- [EXERCISE REQUIREMENTS]
Work out how many lines of the listing hold "Home" and return that number by itself.

- [DATASET RECORDS]
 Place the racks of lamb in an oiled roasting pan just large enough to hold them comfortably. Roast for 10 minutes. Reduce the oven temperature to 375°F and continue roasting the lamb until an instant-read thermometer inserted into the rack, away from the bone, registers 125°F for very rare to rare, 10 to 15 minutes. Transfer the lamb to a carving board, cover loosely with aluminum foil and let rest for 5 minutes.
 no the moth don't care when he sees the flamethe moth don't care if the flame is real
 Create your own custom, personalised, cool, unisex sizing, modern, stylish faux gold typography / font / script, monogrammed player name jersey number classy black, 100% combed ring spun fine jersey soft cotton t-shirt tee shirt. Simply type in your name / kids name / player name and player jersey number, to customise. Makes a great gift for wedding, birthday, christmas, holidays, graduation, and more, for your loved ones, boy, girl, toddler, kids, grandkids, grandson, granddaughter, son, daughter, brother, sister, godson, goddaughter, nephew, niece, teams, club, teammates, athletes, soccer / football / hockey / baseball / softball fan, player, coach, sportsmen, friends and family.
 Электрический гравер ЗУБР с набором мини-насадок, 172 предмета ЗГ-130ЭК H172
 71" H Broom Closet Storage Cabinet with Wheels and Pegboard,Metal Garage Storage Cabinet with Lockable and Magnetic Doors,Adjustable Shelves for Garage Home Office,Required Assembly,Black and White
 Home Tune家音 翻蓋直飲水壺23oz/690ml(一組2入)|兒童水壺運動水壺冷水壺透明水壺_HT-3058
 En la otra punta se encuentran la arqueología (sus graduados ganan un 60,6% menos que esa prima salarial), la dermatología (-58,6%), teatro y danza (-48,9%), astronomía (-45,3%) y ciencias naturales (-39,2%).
---
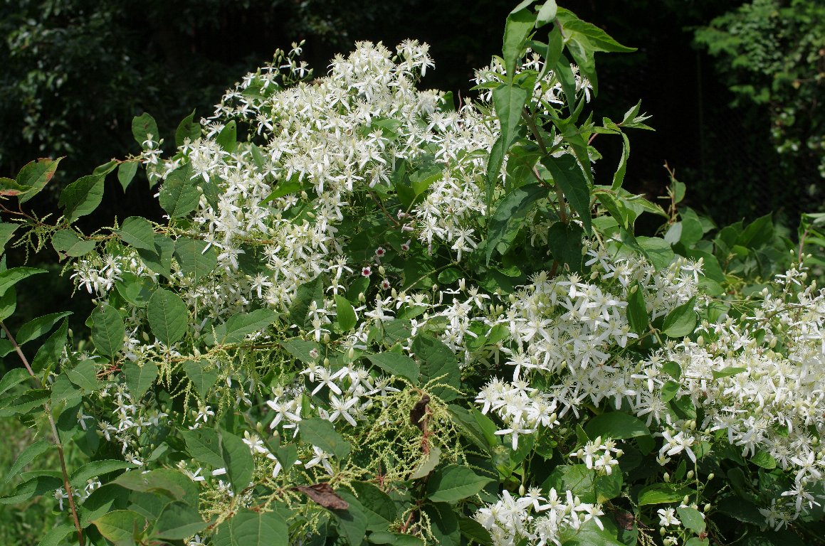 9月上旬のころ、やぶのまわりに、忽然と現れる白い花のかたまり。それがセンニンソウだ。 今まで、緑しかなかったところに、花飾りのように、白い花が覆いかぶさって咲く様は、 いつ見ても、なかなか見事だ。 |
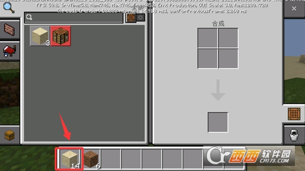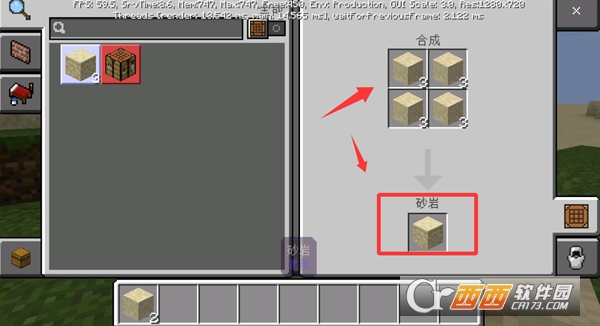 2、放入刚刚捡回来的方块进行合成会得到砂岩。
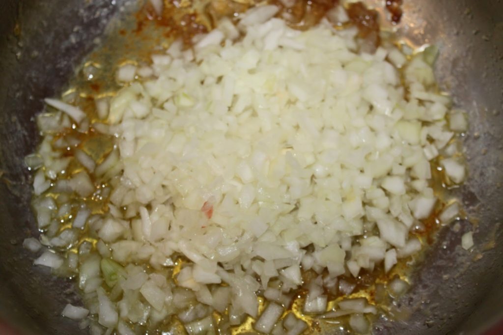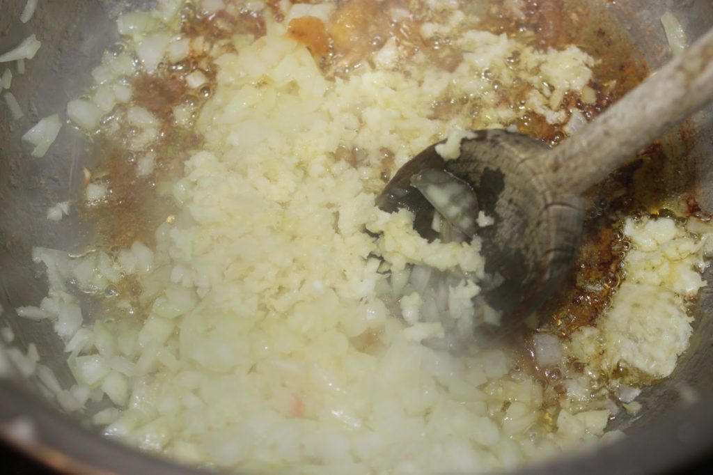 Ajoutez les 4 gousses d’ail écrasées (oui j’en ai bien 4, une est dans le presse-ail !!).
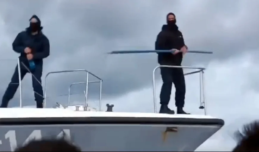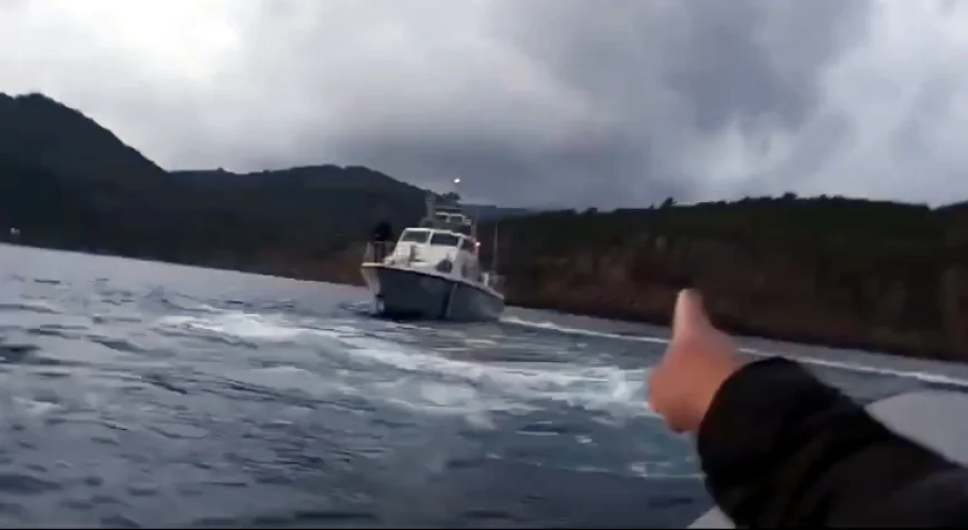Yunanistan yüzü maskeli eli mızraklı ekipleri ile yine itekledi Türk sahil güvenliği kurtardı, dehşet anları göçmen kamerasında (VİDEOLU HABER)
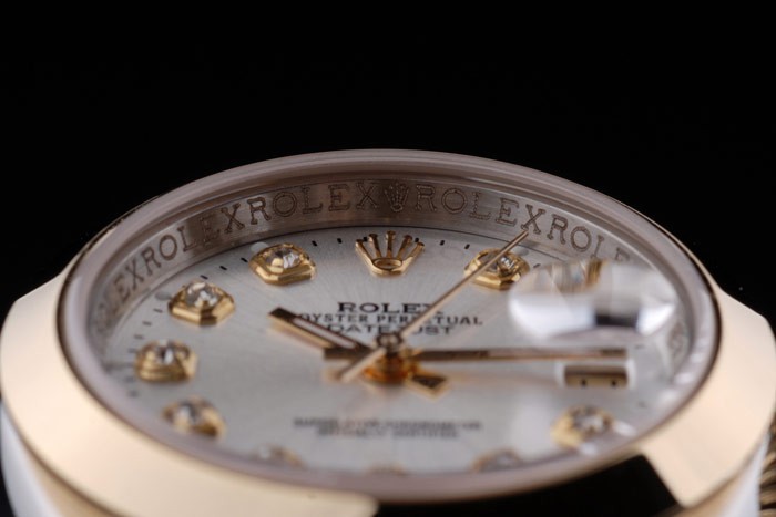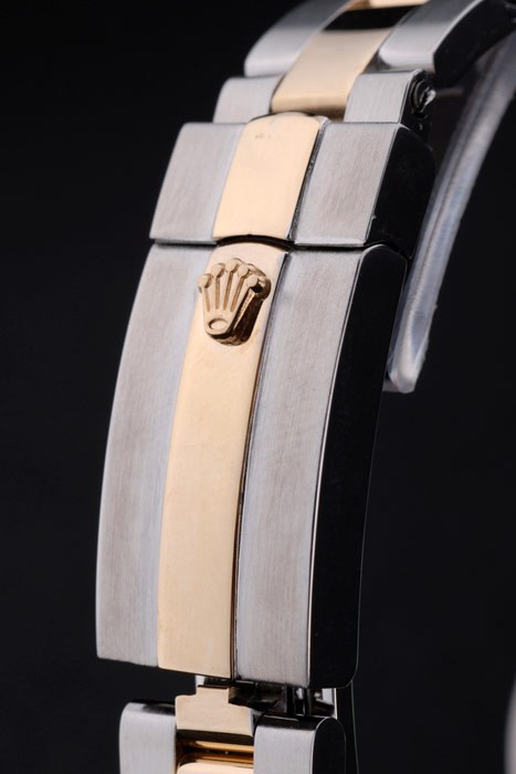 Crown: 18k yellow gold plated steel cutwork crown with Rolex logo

- [SOLVED PROBLEM]
2